### DATA FOR ANALYSIS ###
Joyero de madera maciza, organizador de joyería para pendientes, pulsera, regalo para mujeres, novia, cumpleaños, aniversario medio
###
### DATA FOR ANALYSIS ###
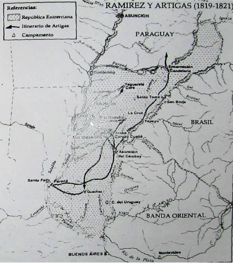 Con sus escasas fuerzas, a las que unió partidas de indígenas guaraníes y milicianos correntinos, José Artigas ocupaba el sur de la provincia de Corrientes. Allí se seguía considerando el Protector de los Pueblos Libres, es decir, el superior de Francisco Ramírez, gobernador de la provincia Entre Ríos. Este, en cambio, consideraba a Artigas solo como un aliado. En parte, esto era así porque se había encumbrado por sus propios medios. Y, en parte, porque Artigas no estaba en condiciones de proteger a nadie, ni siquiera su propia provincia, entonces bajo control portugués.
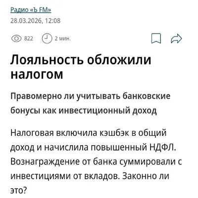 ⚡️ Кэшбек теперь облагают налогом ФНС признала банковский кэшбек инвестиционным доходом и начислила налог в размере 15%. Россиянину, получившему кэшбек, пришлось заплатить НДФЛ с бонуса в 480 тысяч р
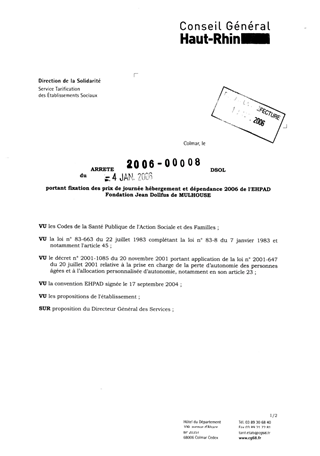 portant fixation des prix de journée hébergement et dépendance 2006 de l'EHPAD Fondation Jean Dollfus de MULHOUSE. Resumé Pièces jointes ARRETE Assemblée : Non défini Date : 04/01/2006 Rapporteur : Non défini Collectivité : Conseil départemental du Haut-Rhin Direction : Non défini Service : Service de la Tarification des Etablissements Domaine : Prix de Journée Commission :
###
### DATA FOR ANALYSIS ###
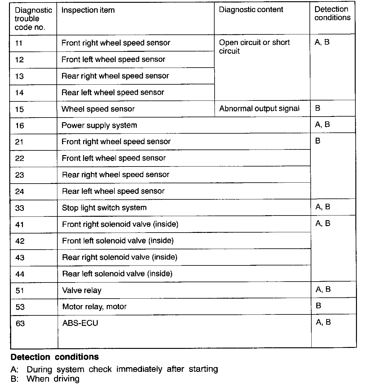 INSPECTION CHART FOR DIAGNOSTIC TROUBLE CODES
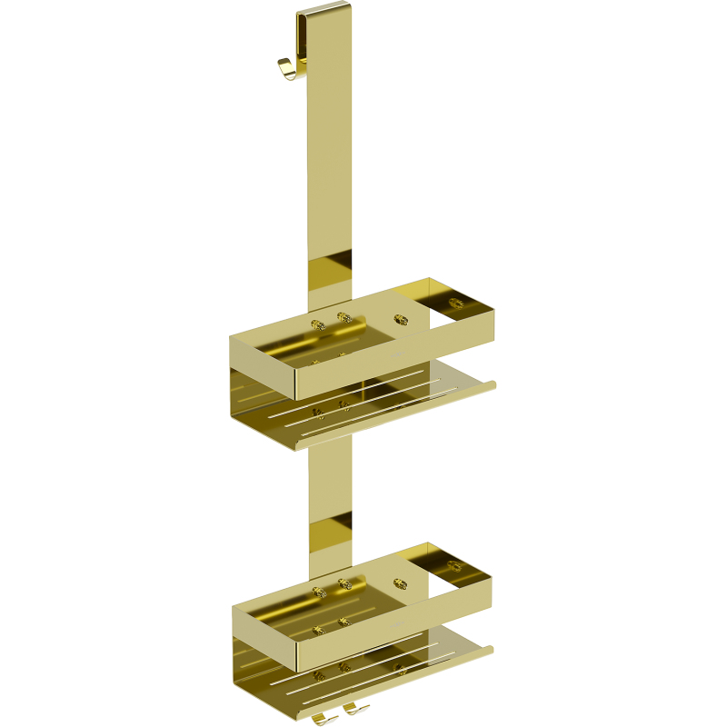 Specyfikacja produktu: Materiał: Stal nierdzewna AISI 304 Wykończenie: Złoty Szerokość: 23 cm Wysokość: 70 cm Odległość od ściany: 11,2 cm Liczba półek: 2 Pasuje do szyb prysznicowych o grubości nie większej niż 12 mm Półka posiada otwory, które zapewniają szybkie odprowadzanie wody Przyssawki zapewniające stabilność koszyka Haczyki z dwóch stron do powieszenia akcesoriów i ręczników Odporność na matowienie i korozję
###
* WHAT NEEDS TO BE DONE: Give again the stretch of the entries above that begins at the line with "INSPECTION CHART FOR" and ends at the line with "Specyfikacja produktu: Materiał: Stal", word for word, with no pictures.

* OUTPUT FOR THIS TASK:
 INSPECTION CHART FOR DIAGNOSTIC TROUBLE CODES
 Specyfikacja produktu: Materiał: Stal nierdzewna AISI 304 Wykończenie: Złoty Szerokość: 23 cm Wysokość: 70 cm Odległość od ściany: 11,2 cm Liczba półek: 2 Pasuje do szyb prysznicowych o grubości nie większej niż 12 mm Półka posiada otwory, które zapewniają szybkie odprowadzanie wody Przyssawki zapewniające stabilność koszyka Haczyki z dwóch stron do powieszenia akcesoriów i ręczników Odporność na matowienie i korozję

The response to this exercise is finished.